_Brief_
The reply must contain exactly the lines below from the one with "Protestētāji ieņēma parlamentu" down to the one with "テキストチャットとビデオチャ", both included, and nothing more; please omit the pictures.

[[ Data excerpts open ]]

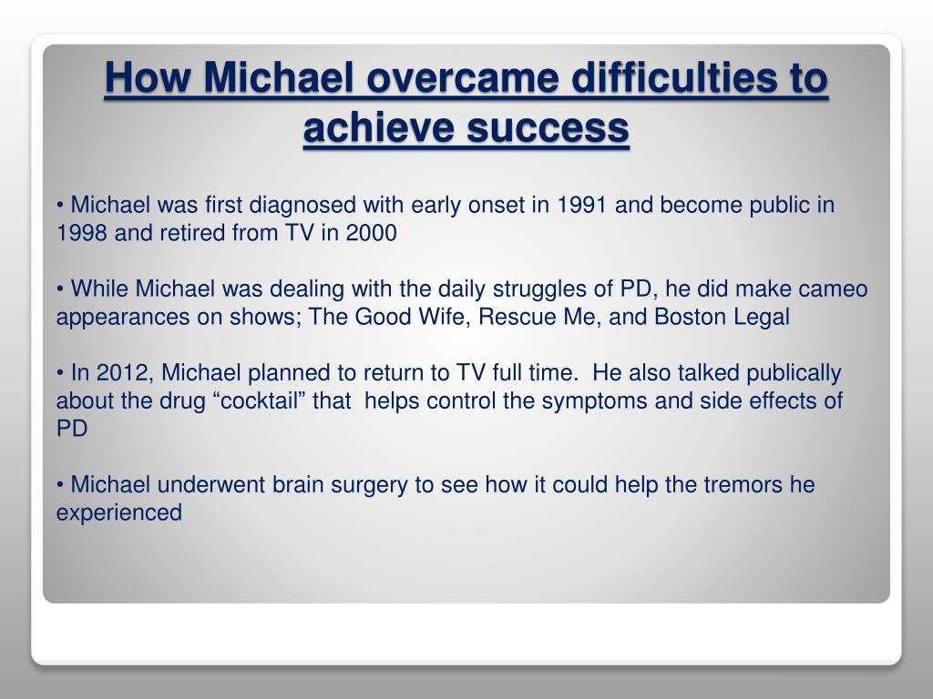 How Michael overcame difficulties to achieve success • Michael was first diagnosed with early onset in 1991 and become public in 1998 and retired from TV in 2000 • While Michael was dealing with the daily struggles of PD, he did make cameo appearances on shows; The Good Wife, Rescue Me, and Boston Legal • In 2012, Michael planned to return to TV full time. He also talked publically about the drug “cocktail” that helps control the symptoms and side effects of PD • Michael underwent brain surgery to see how it could help the tremors he experienced
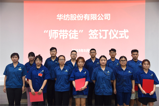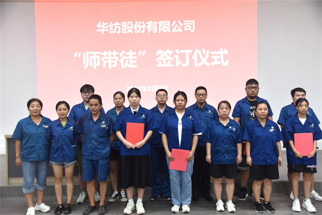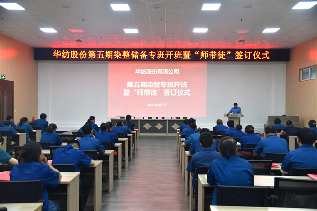 導(dǎo)讀:8月9日,公司舉行第五期染整技術(shù)儲(chǔ)備人才專班開(kāi)班暨“師帶徒”簽訂儀式。
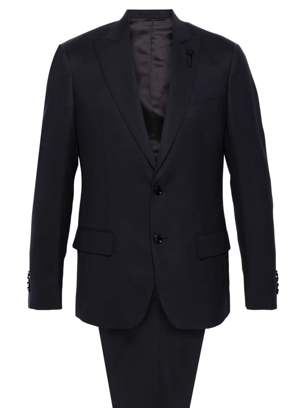 single-breasted wool suit Highlights - Navy blue - Wool - Textured finish Made in Italy Composition Lining: Viscose 52%, Cupro 48% Outer: Wool 100% SIZE & FIT Model measurements Height 6 ft 1 in(1.86 m) Bust/Chest 37.4 in(95 cm) Hips 36.22 in(92 cm) Waist 29.52 in(75 cm) FittingInformation Tailored for a slim fit, offering a comfortable fit that sits just away from the body The unfinished hems allow for the length to be altered Made from a midweight non-stretch fabric This piece fits true to size – take your usual size
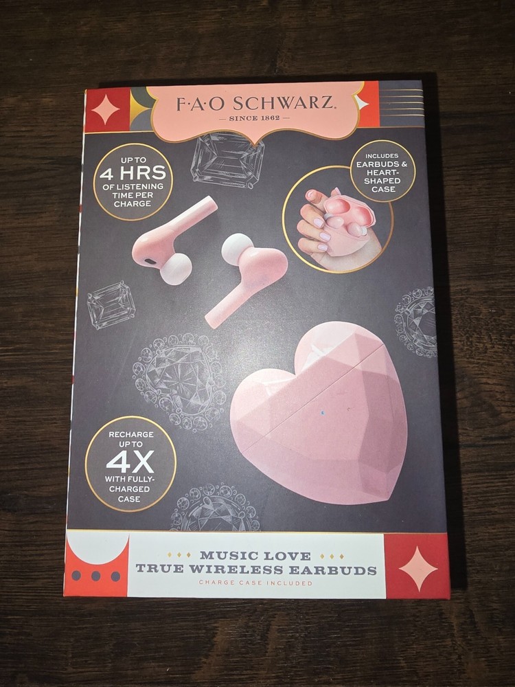 “Music Love” Pink Wireless EarBuds Earphone Heart Shaped Case FAO Schwarz Brand New in Box Thanks for looking and please let me know if you have any questions!...
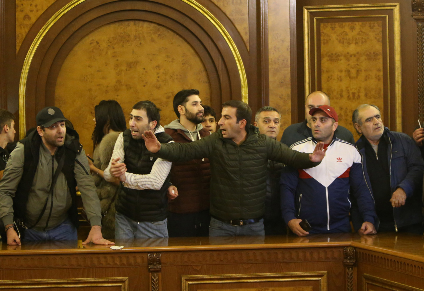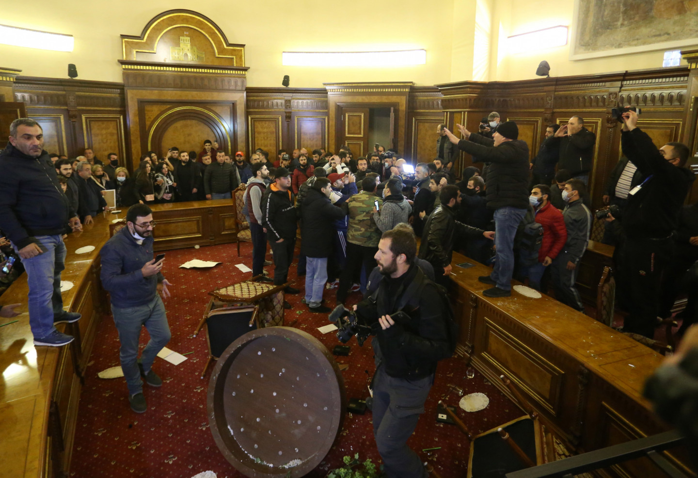 Protestētāji ieņēma parlamentu pēc tam, kad Armēnijas premjerministrs Nikols Pašinjans paziņoja, ka ir parakstījis "sāpīgu" vienošanos ar Azerbaidžānu un Krieviju par karadarbības izbeigšanu Kalnu Karabahā. Pirms tam tūkstošiem protestētāju bija sapulcējušies pie valdības ēkas un ieņēma to, izdauzot logus un izdemolējot birojus. Vietējie mediji ziņo, ka uzbrukts parlamenta spīkerim Araratam Mirzojanam, kurš piekauts un tagad atrodas slimnīcā.
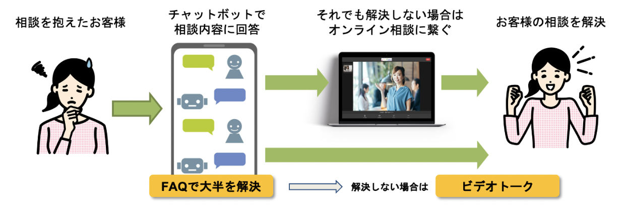 テキストチャットとビデオチャットを併用利用することで、チャットボットのFAQで大半の相談を解決し、対応スタッフの手間を軽減することが可能です。 解決しない・FAQの回答がマッチしない相談のお客様にはオンラインで細かな対応することもでき、課題の内容が浅い深いにかかわらず全方位的に対応できます。
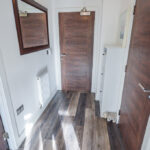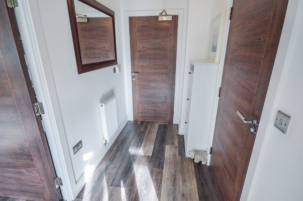 ENTRANCE HALL 8' 9" x 4' 5" (2.68m x 1.35m) The entrance hall is fitted with wood effect laminate flooring; a pendant light fitting; a single panel radiator; and control panel for security alarm with motion detectors in each room. The intercom for access to the building is managed via a mobile app.
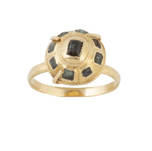 14. Sortija S. XIX rosetón de esmeraldas en forma de botón
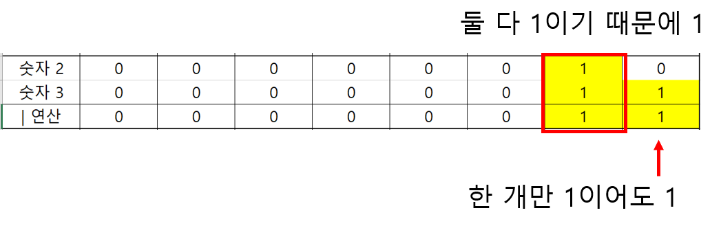 | | | OR 연산 | a|b | a 와 b 둘중에 하나라도 1이면 1 |

[[ Data excerpts closed ]]

_Solution for this problem_
 Protestētāji ieņēma parlamentu pēc tam, kad Armēnijas premjerministrs Nikols Pašinjans paziņoja, ka ir parakstījis "sāpīgu" vienošanos ar Azerbaidžānu un Krieviju par karadarbības izbeigšanu Kalnu Karabahā. Pirms tam tūkstošiem protestētāju bija sapulcējušies pie valdības ēkas un ieņēma to, izdauzot logus un izdemolējot birojus. Vietējie mediji ziņo, ka uzbrukts parlamenta spīkerim Araratam Mirzojanam, kurš piekauts un tagad atrodas slimnīcā.
 テキストチャットとビデオチャットを併用利用することで、チャットボットのFAQで大半の相談を解決し、対応スタッフの手間を軽減することが可能です。 解決しない・FAQの回答がマッチしない相談のお客様にはオンラインで細かな対応することもでき、課題の内容が浅い深いにかかわらず全方位的に対応できます。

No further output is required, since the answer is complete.